My cousin Tom and his fiancée Caroline, to give you some idea of scale.


And yes that is my thumb as I was adjusting the camera....



Cahir castle, in the nearby town of Cahir, was built in 1142 by Conor O'Brien, Prince of Thomond.  It ended up in the Butler family until the last ancestor died in 1961 when it was taken over by the government.  It was up until then an actual residence.  The Butler family actually lived there.


If it looks familiar, it was used extensively for the filming of the movie Excalibur.



The town of Cahir, like most areas with castles, sprung up around it.

Notice the murder hole above the door.  If you didn't like who was knocking on your door, demanding entry, you could drop boiling oil, boiling water, hot tar, or excrement on them.   Now that's a deterrent for telemarketers!

Visions of Ireland: Around the town of Newcastle, Tipperary

Newcastle, Co. Tipperary, (Caisleán Nua in Irish) is a small town of 201 people (according to the 2002 Irish Census), about 21 miles southwest of the larger town of Clonmel, nestled between the lush River Suir valley and the soft Knockmealdown Mountains on the Tip/Waterford border.  When we are in Ireland, this peaceful little village is our home.
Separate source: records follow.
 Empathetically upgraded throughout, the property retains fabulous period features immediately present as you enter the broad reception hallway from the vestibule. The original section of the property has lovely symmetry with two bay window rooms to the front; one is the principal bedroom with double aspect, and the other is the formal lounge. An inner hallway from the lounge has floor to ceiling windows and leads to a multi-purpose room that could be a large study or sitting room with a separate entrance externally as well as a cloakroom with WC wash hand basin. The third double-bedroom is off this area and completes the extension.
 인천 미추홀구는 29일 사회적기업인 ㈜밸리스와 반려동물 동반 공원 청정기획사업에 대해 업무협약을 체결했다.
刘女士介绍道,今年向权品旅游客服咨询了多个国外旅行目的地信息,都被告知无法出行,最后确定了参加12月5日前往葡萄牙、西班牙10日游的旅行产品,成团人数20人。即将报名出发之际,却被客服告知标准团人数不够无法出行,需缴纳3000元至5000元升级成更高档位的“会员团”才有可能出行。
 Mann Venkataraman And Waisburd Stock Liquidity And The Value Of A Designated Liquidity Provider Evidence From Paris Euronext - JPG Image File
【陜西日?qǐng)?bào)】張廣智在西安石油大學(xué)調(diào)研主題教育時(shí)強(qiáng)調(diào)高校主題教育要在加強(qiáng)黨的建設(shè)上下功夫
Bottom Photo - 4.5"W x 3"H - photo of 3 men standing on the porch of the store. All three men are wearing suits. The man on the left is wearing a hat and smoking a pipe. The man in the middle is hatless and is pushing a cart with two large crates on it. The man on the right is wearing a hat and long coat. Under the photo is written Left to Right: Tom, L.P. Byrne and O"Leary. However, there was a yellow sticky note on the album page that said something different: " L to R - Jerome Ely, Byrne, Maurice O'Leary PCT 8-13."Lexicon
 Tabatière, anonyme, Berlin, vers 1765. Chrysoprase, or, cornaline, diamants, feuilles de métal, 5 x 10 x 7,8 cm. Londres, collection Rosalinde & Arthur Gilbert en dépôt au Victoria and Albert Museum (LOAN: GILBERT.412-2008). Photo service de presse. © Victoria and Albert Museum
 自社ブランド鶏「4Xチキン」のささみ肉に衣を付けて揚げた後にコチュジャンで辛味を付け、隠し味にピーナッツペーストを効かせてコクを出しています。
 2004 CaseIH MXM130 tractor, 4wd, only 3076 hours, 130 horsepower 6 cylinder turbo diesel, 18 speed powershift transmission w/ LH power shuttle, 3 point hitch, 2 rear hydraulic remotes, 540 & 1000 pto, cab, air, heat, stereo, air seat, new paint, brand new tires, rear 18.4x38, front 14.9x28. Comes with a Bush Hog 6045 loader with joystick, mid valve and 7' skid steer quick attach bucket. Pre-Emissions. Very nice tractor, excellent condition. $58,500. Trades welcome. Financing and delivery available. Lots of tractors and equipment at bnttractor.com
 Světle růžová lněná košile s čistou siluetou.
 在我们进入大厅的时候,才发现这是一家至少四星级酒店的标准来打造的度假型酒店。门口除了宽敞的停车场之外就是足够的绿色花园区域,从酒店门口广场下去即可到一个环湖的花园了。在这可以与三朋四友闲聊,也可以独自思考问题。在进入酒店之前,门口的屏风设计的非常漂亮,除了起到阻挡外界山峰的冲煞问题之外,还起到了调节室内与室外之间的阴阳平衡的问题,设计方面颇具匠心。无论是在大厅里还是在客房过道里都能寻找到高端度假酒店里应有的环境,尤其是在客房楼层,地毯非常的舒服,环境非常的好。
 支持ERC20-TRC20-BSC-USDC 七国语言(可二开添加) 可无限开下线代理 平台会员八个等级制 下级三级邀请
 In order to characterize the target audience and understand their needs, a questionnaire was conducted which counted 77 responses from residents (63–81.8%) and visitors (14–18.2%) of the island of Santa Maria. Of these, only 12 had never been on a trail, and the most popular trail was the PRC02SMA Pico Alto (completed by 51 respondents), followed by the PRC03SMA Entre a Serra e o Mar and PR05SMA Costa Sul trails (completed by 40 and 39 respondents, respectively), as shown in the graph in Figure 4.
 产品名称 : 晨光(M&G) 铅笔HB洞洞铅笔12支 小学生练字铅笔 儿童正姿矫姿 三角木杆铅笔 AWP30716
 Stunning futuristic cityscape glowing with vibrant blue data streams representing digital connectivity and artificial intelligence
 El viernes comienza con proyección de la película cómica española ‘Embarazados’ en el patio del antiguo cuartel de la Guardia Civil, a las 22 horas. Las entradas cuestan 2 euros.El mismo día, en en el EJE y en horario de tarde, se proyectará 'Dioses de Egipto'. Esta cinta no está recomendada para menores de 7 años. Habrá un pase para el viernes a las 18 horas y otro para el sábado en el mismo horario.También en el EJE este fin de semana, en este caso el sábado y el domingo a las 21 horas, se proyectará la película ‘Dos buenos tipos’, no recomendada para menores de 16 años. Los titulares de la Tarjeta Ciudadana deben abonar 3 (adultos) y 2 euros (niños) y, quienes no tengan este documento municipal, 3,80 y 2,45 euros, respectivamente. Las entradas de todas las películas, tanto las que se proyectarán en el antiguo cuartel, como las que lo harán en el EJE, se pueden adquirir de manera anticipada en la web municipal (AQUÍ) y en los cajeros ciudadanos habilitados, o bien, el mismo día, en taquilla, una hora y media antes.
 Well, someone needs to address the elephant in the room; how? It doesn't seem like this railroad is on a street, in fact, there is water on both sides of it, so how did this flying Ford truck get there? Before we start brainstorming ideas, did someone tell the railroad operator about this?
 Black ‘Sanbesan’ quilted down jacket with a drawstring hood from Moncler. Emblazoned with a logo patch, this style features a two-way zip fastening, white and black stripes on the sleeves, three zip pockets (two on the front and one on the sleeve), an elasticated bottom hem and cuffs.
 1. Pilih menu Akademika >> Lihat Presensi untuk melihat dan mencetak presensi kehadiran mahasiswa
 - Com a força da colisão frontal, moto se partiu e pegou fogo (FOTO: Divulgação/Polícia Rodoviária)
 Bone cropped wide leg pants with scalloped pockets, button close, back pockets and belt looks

Heading down from Ardfinnan, over the River Suir to the town.  Our house is in the cleft of where the brown mountain slopes down to the left.


The center of Newcastle town.




The old Norman fort, built around the 1100s which gave Newcastle it's name.

Behind the castle is the old church, which was burned with people in it, by Oliver Cromwell during his march across Ireland.


Because the church is still hallowed ground, it's now used as a burial ground, inside and out.

My father standing in the church.  I've called this his record album cover.

My mother gets one too.



We head out of town a few miles towards the house.  The sounds of the water rushing down the glen (Glen Bui or the Yellow Glen) behind the house gets louder.





The view from the mountain looking down at the house.



And looking into the Knockmealdown mountains.  This was in February (spring in Ireland) which accounts for the brown colors.
 

 On the mountain.


 A paleolithic tomb marker on the mountain looking over the fields and towns to the north, below.  The orientation seems to be east-west, the path of the sun.  The hills and fields of this area are dotted with Christian and Pagan sites.

The village of Newcastle in the center-left.

Heading into the mountains towards Mount Mellery Abbey.


 

The remnants of what is called a "famine cottage".  People lived here until the time of the Famine and either emigrated to America or England or died.

Looking back down the road.  Dewy & damp seem the best adjectives.  This was taken in May when the yellow furze was in bloom.